The next time a user authenticates, the OAth Push journey will be executed:
- authenticate using username/ password
- register device
- confirm verification code
- signed in
**Note:** The user will be asked to download the ForgeRock Authenticator app for that.
## A few other notes
If you wonder what docker images have been built throughout this setup, run this command:
- `docker images | grep webinar`
If the build process fails, due to missing resources or space limitations, try these:
- `docker rmi $(docker images -f "dangling=true" -q)`
- `docker builder prune`
If you want to connect into a running image, use this:
- `docker exec -it {container_name} bash`
- **{container_name}** -- see **docker-compose.yml**
To view log files in OpenAM:
- `docker exec -it openamwebinarlocal bash` // the prompt is now within the running container
- `cd /forgerock/am_config/var/debug`
- `ls -la` // several log files are listed
To view log files in PingFederate:
- `docker exec -it pfwebinarlocal bash` // the prompt is now within the running container
- `cd /opt/pingfederate/log`
- `ls -la` // several log files are listed
When done with the evaluation of this setup, it could be useful to remove the images as they are large in size:
- `docker rmi $(docker images --filter=reference="webinar/*" -q)`
- any image tagged as **webinar/** will be deleted
## Links
- Download PingFederate:
- [https://www.pingidentity.com/en/resources/downloads/pingfederate.html](https://www.pingidentity.com/en/resources/downloads/pingfederate.html)
- the PingAM integration kit is already part of this setup, no need to download it separately
- Download PingAM:
- [https://backstage.forgerock.com/downloads/browse/am/featured](https://backstage.forgerock.com/downloads/browse/am/featured)
- Download PingDirectory:
- [https://www.pingidentity.com/en/resources/downloads/pingdirectory-downloads/previous-releases.html](https://www.pingidentity.com/en/resources/downloads/pingdirectory-downloads/previous-releases.html)
- PingFederate Swagger-UI:
- [https://pf.webinar.local:9999/pf-admin-api/api-docs/#/](https://pf.webinar.local:9999/pf-admin-api/api-docs/#/)
- PingAM Swagger-UI:
- [https://openam.webinar.local:8449/openam/ui-admin/#api/explorer/](https://openam.webinar.local:8449/openam/ui-admin/#api/explorer/)

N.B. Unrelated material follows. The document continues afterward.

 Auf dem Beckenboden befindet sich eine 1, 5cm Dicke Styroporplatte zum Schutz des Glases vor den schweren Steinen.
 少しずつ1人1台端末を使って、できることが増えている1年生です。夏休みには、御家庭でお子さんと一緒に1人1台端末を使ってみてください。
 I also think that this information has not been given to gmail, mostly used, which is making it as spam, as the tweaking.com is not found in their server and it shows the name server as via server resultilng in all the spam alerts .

- Frodo, a management tool for PingAM:
- [https://github.com/rockcarver/frodo-cli?tab=readme-ov-file#quick-start](https://github.com/rockcarver/frodo-cli?tab=readme-ov-file#quick-start)

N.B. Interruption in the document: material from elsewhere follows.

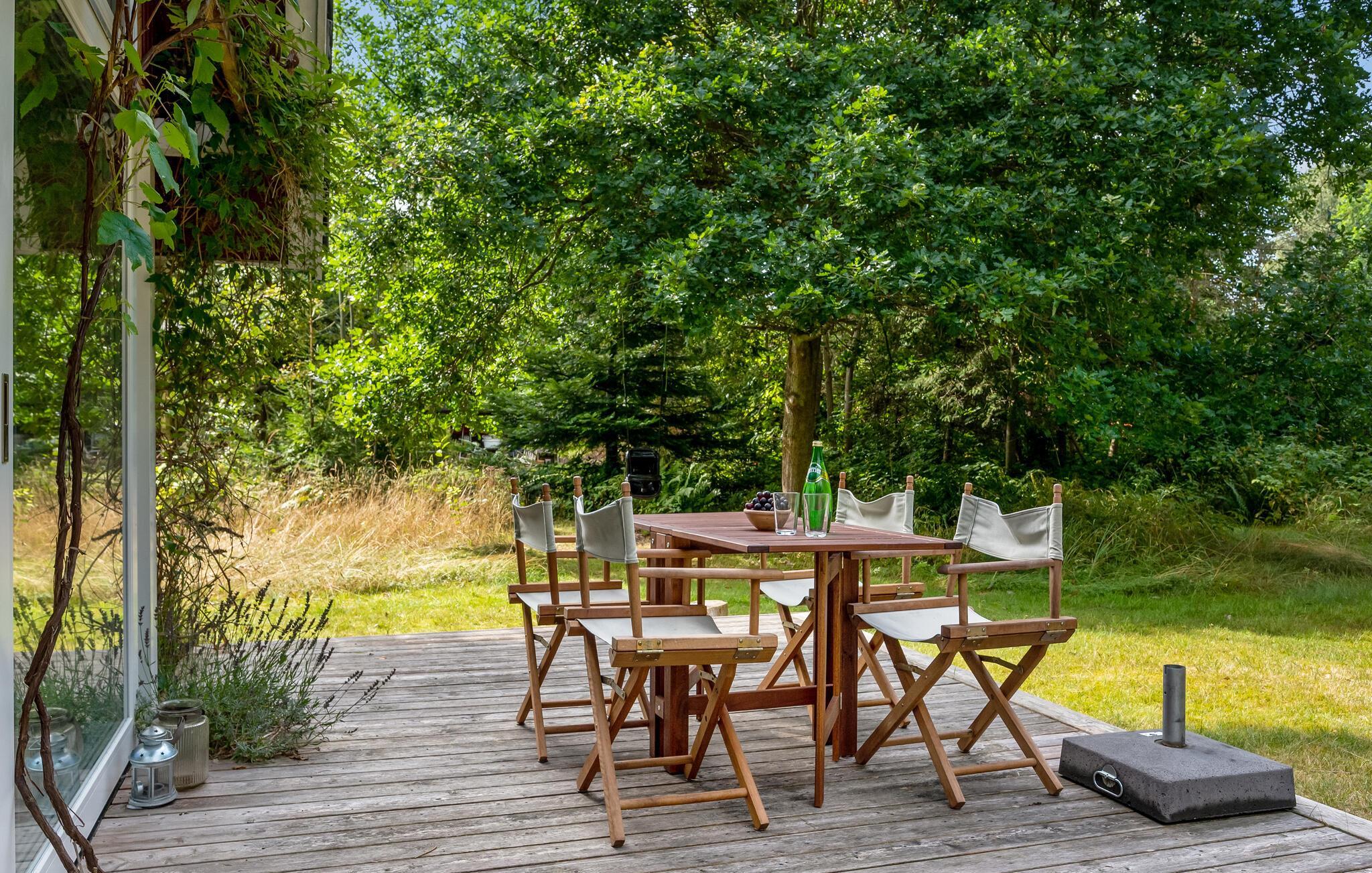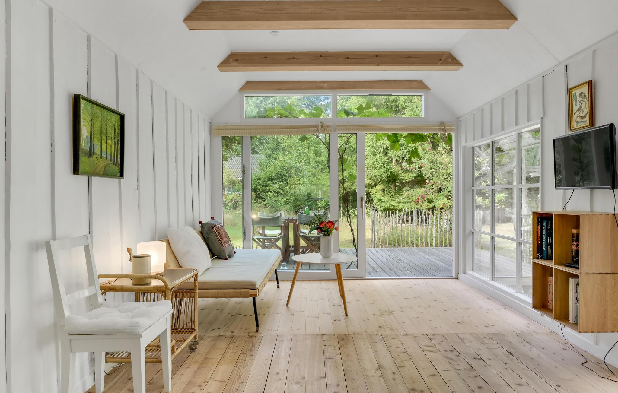 Træd ind i dette smukke feriehus og mærk roen sænke sig med det samme. Den lyse stue med brændeovn er husets hjerte, hvor I virkelig kan slappe af. I forlængelse ligger køkkenet, hvor I kan lave mad, spise og hygge jer. Ud over soveværelset i huset er der endnu et soveværelse i annekset i haven. Haven er en stor oase af velvære. Nyd jeres lækre feriemåltider på terrassen, mens I beundrer den omkringliggende natur, træerne, buskene og blomsterne.
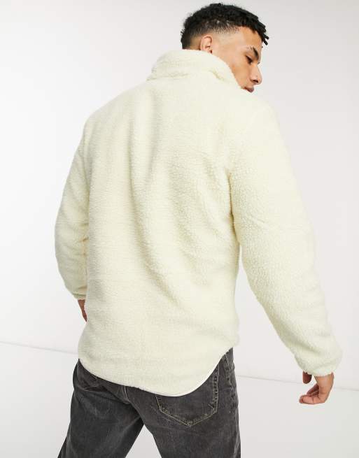 Veste outlet polaire beige, Selected Homme fleece jacket with nylon pocket in beige outlet

- Create a WebAuthN tree in PingAM
- [https://backstage.forgerock.com/docs/am/7.4/authentication-guide/authn-mfa-webauthn.html](https://backstage.forgerock.com/docs/am/7.4/authentication-guide/authn-mfa-webauthn.html)

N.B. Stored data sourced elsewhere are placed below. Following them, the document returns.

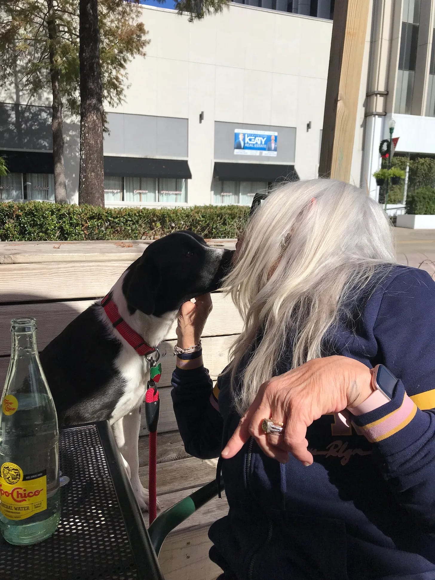 Her name is Manon. It’s a French name. She’s a Louisiana dog, a rescue, and because we live in Acadiana, in south Louisiana, and my wife, Gaywynn, is Cajun, we wanted a name that is French. The name Manon will be familiar to those who know the movie, Manon of the Spring (Manon des sources in French.) It’s not a well-known name in America, and so we inevitably have to say it more than once to people and explain why we chose it.
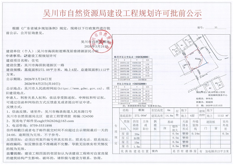 吴川市自然资源局建设工程规划许可批前公示(吴川市海滨街道博茂居委清源居民小组)
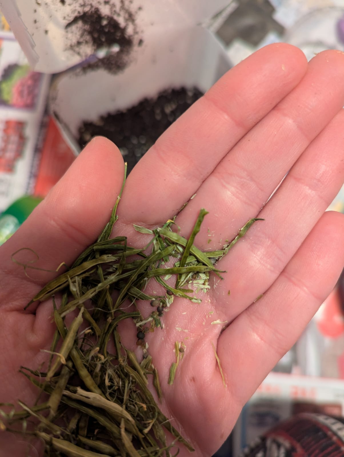 씨앗을 뿌리고(1년 이상 된 씨앗이면 후하게 뿌리거나 패키지에 적힌 지침에 따라) 흙을 얇게 덮습니다.

- Learn more about setting up a push notification service leveraging AWS SNS:
- [https://backstage.forgerock.com/docs/am/7.4/authentication-guide/authn-mfa-trees-push.html](https://backstage.forgerock.com/docs/am/7.4/authentication-guide/authn-mfa-trees-push.html)
- Manage directory schemas with LDIF:
- [https://backstage.forgerock.com/docs/am/7.4/install-guide/supported-ldifs.html](https://backstage.forgerock.com/docs/am/7.4/install-guide/supported-ldifs.html)
- PingIdentity on YouTube:
- [@PingIdentityTV](https://www.youtube.com/@PingIdentityTV/videos)
- Webinar: This setup was used during a webinar and can be found here:
- [https://www.pingidentity.com/en/company/upcoming-events/webinars/details/commId/620098.html](https://www.pingidentity.com/en/company/upcoming-events/webinars/details/commId/620098.html)
# DISCLAIMER
This is not a production environment and is meant for educational purposes only.
It does not come with any kind of warranty, it is provided as is, it was not reviewed for potential performance or security weaknesses.
Logs are verbose to provide insight into the configuration and may include secrets used during this demo.
Use this project to evaluate this setup. Modify it as much or as little as you like.
Report any issues here in GitHub, PingIdentities support team cannot provide assistance of any kind.
This code is to be used exclusively in connection with Ping Identity Corporation software or services. Ping Identity Corporation only offers such software or services to legal entities who have entered into a binding license agreement with Ping Identity Corporation.
# License
This is licensed under the Apache License 2.0.